Growing up is perhaps the hardest, most heartbreaking thing a person can ever go through, a completely personal hell that everyone encounters but few can share. The lucky are the few that find someone to share their hell with, a comrade in arms to confide in. But sometimes in sharing this hell those that shared it are lost along the way. Welcome to growing up kids.

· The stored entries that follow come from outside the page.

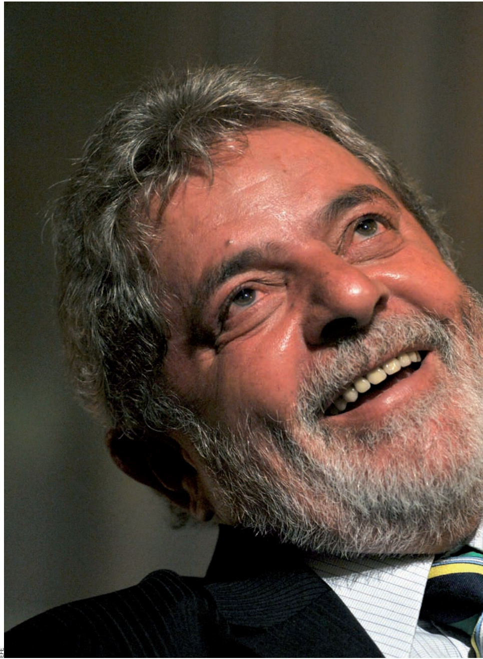
El president del Brasil, Luiz Inácio Lula da Silva, somriu amb la mirada perduda, moments abans

El primer de gener Lula da Silva assumeix el càrrec de president del Brasil.
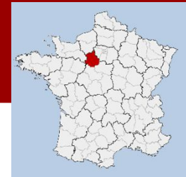
Lieu : DREUX (28)
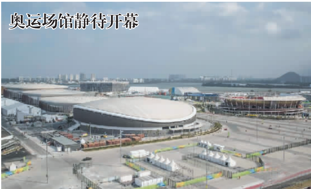
里约奥运会开幕临近,目前各场馆已准备就绪。图为巴哈赛区的体育馆。
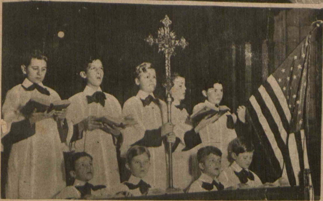
Koncert słynnego chóru chłopięcego, podczas świąt Bożego Narodzenia w kościele św. Tomusza w Nowym Jorku.
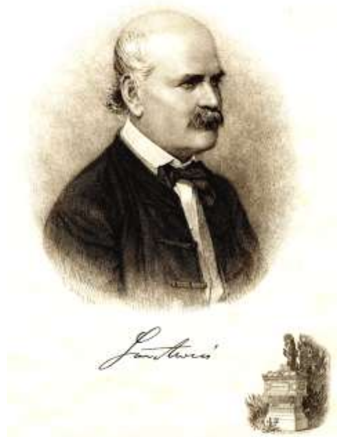
Semmelweis Ignác (1818. július 1. – 1865. augusztus 13.)
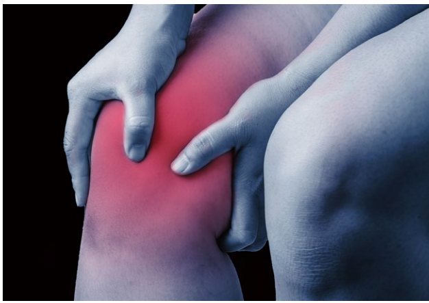
手の施しようがなくなる前に真実を知って欲しい
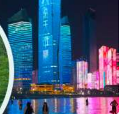
หาด No.3 Bathing Beach
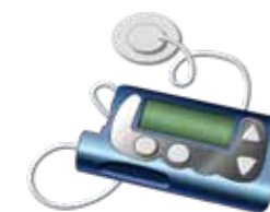
Bomba de insulina
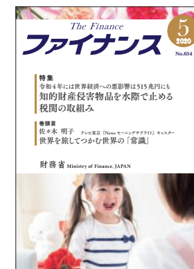
今月の表紙：ファミリー 母の日

Y Tu Mama is a very bittersweet coming of age drama/comedy about two boys – Julio and Tenoch – just out of high school and anxious to break the monotony of a long, hot summer without their girlfriends. By chance they happen upon the wife of Tenoch’s cousin at a family wedding and the three agree to go together to a beach named Heaven’s Mouth (a beach the boys have concocted so they can be alone with this stunning older woman) during the summer. This plan seems to be a pipe dream as the summer wears on and the boys forget all about it until Luisa, the cousin’s wife, calls Tenoch one day to see if they are still going to the beach and within hours the three are off in search of a lake that doesn’t exist and each begins a terribly personal journey in which they will find out more about themselves than they might wish to know.

At the surface this is a very much like an eighties American comedy – two goofy teenage friends meet a hot older woman and said woman teaches them how to be lovers. Thankfully director Cuaron has taken what could be a terribly easy scenario and has added a depth and sadness to it all that really resonates through the entire film. The film is as much about sexual maturing as it is about emotional maturing and about what might happen if you were to see deep into the darkest corners of your closest friend’s heart. These two friends, as close as they are, we find out, hide the things that mean the most to them, the truths about who they are, and yet are open about their conquests, their bodies, and in their boyish lusts. They are as close as two men can be until Luisa happens along and then things are suddenly much more complicated as each of them tries to seduce her before the other can. All the while Luisa is onto their game and goes along with everything willingly, hoping to forget a husband who cannot be faithful to her and perhaps even to forget a secret even she does not want to face about her future.

This is a very beautiful, very sweet film that is as sad and bitter as the death of any adolescence is and it’s a testament to all involved that the film is so affecting. The performances are wonderful all around and the three leads have truly created three real, honest characters that gives life to a film that could have, in other hands, been nothing more than a low class sex romp. What we have though is a stunning tour of Mexico and its back roads, making the country itself a prominent character in the film, each passing section of the film annotated by an unseen narrator that reminds us of the lives lost and found along the way during this journey. The film is wonderfully acted and beautifully shot and, miracle of miracles is well written. The dialogue reveals the characters without lessening them or making them cutouts, and which adds depth and tension to the film without preaching to the viewer. Heck, even the sex scenes reveal something about the characters and who they are and where they are in their lives, the last one resonating with a sadness as we learn what the ramifications of it are, deepening its impact, as well as the film’s.

The extras are pretty decent actually and include a commentary, a documentary, some deleted scenes, and a short film by the director. The film looks wonderful on DVD and truly shows how beautiful Mexico is when seen through the lens of this director and through the eyes of his characters.

This is one of those movies that really lives up to the hype. It is a wonderfully aching look at the death of adolescence and at those we leave behind. As insightful and poignant as any American film I can consider and even more so than the usual standard bearers of teen angst ala John Hughes. This is the real deal kids, and deserves to be on your ‘to see’ list. Even if it is one them their foreign movies where they talk all funny.